Parents who assume dominant roles in the relationship and whom tend to look at negatively are more prone to attract conflict within their relationship (Barber, 1994). With many external forces weighing down a child, they are most likely to face some of the consequences mentioned above. A student’s success depends on many motives, good or bad. Good factors lead to success while bad ones lead to negative performance in academics. The nature of child-parent conflict differs when dealing with different situations. As the relation between child-parent conflict increases, academic performance decreases.

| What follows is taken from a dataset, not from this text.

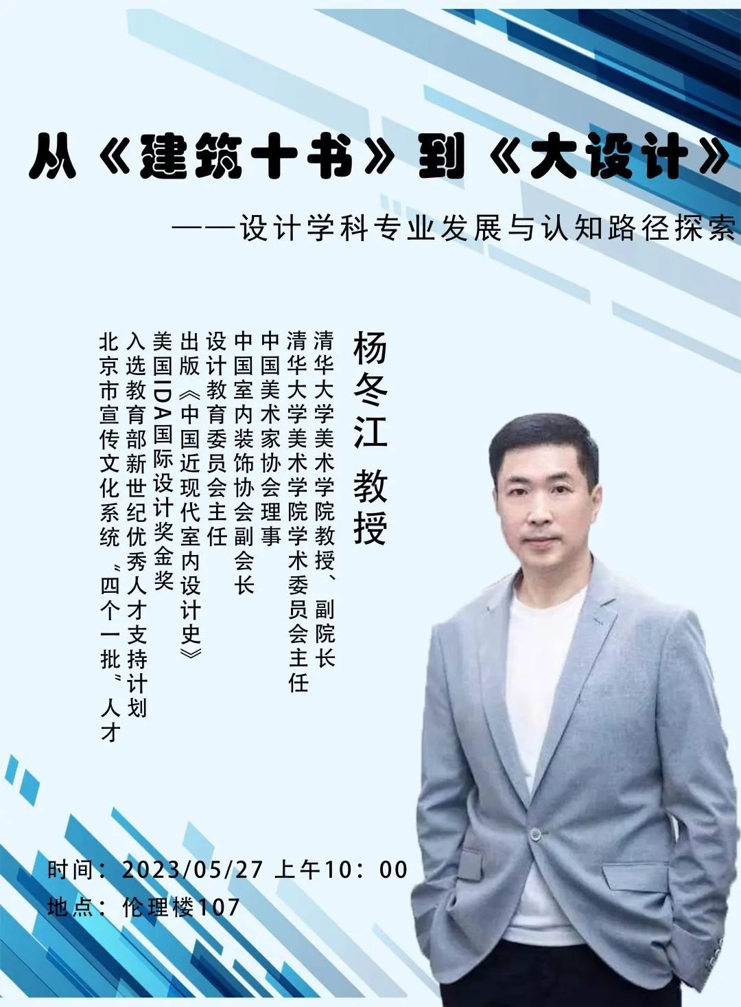 讲座预告|杨冬江《从〈建筑十书〉到〈大设计〉——设计学科专业发展与认知路径探究》

Conclusion There are so many forces which impact children, biological, environmental etc. The solution I would suggest to solve the problem of child-parent conflict, would be targeted towards parents more than to children. It’s easy to propose solutions; however, most aren’t applicable to the universal problems of child-parent conflict. No matter what family structure or how much time spent with a child, parents should be able to have meaningful conversations with their children for the time they spend with them.

Family interaction is necessary and would reflect a positive atmosphere to consequently promote a child’s success in academic performance. Understanding how student development and how they learn is also of great importance, maybe more to the teacher than to the guardian(s) of the child. Overall, keeping a positive atmosphere at home would decrease the amount of child-parent conflicts and increase a child’s confidence. The forces that affect a child always differ, as a teacher, it is important to keep track of a child’s academics.

If a high achiever drop their grades significantly, it’s important to approach the child and discuss issues if need be. Education and family play major roles in the psychological development of a child, and communication between parents and teachers, teachers and children, and children and parents is of great importance in order for our society to reach a goal for the younger generations.